I really like the support for tls in syslogd. Unfortunately it looks like it is not yet supported server-side. At least in current, syslog.conf(5) doesn't mention anything about specifying a private key.
I don't know too much about it but it's a LibreSSL compatibility feature to stay compatible with OpenSSL. Basically it's a mechanism for client software to fall back to reduced encryption when better options fail. Considering their stance on security I can see why the OpenBSD guys look at this as a bad idea. But on the other hand if they want people to adopt LibreSSL some "compatibility over maximum security" choices have to be made.
A client sends a ClientHello trying to connect with TLS 1.2, MITM does not let that through, the client sends a ClientHello for TLS 1.0 with a signal that means "this is a fallback", the MITM lets that through, the server sees this and does not allow a connection, foiling the attempted downgrade attack.
I know that, that's why I asked: "Why is SCSV a sucky feature?".
OK, my bad, I just checked the RFC[1] and reading it agrees absolutely with what you are saying.

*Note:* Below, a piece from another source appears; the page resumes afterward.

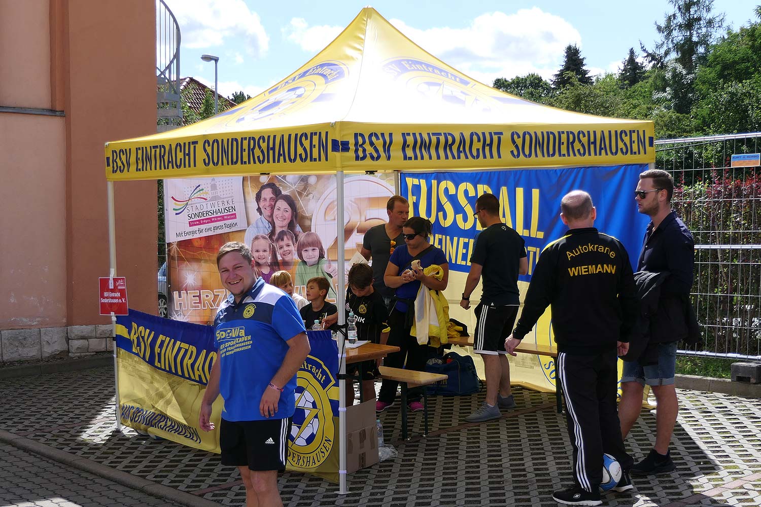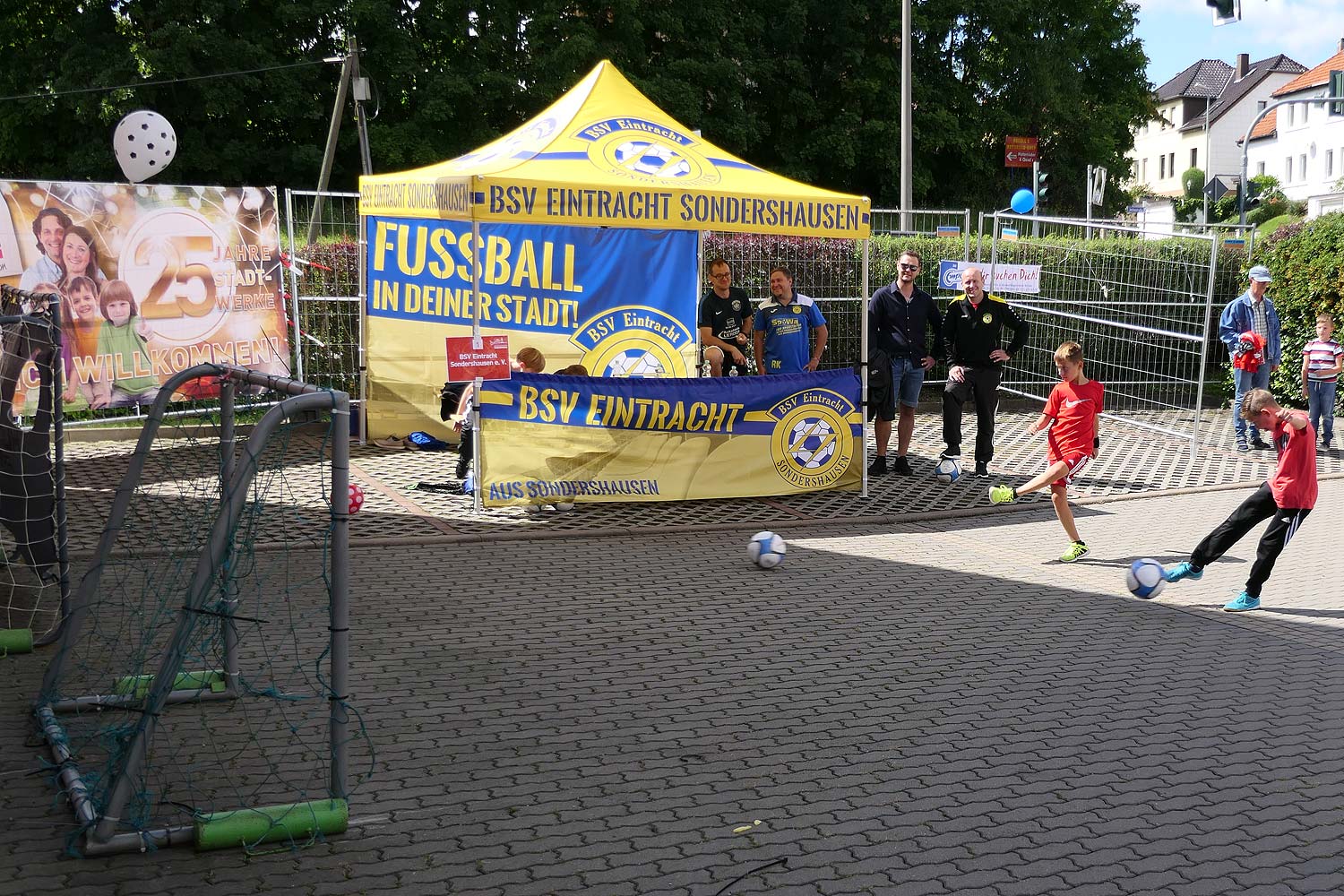 Unser Verein präsentierte sich mit einem nagelneuen Pavillon. Neben Informationen rund um unseren Verein wurde natürlich auch für alle kleinen Besucher etwas geboten. Die durften ihre Schusskraft an der erwähnten Geschwindigkeitsmessung testen und ihrer Zielsicherheit an der daneben aufgestellten Torwand.

I am probably misunderstanding the thread I linked to in my OP but reading through it (I remembered seeing this a while ago when I read your question) I got the impression that the LibreSSL guys looked at it from the opposite angle.
From my link:
TLS_FALLBACK_SCSV is only useful in the case where a client willingly chooses to do a downgrade and attempts to establish a second connection at a lower protocol after the previous one unexpectedly failed. In short, the client should not do this - client-side fallback is dangerous ("a landmine" to quote agl). TLS_FALLBACK_SCSV only works if both ends support it and it is largely a case of adding a workaround to support/enforce insecure behaviour. Unless you control both ends, you cannot be sure TLS_FALLBACK_SCSV is available and if you do control both ends you can either force TLS 1.2 and/or avoid client-side downgrade.
And the final reply:
Server-side TLS_FALLBACK_SCSV support has reluctantly been added to LibreSSL.
I guess in the end the reluctance is more about it being new and untested and not so much a bad security practice.

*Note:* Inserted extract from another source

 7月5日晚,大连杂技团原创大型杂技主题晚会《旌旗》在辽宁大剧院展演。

Interesting in that "want people to adopt" has never been a stated objective for OpenBSD that I've seen. It's more like "we build what we're interested in, and if it solves a problem for you too, that's great."

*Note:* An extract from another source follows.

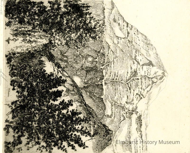 Etching of a mountain. Trial proof VII. Signed and dated.

[edit - it stops after a while]
Regarding: "The etc sets are now gone. All the sample /etc files are now included in the base set. This should make sysmerge must [sic] easier and faster in the future, since there will be many fewer conflicts to resolve. On the other hand, even rc and rc.conf are now overwritten, so it’s not possible to maintain local mods without additional work. This makes sense, though, since /etc/rc is as much a part of the base system as /sbin/init. You don’t want to be running a five year old edition."
I thought (and the manpages always indicated) that the rule was that /etc/rc and /etc/rc.conf were fair game, and that if you wanted to make changes that weren't overwritten by a system upgrade, to put them in /etc/rc.local and /etc/rc.conf.local. I'm unclear why this is considered a problem.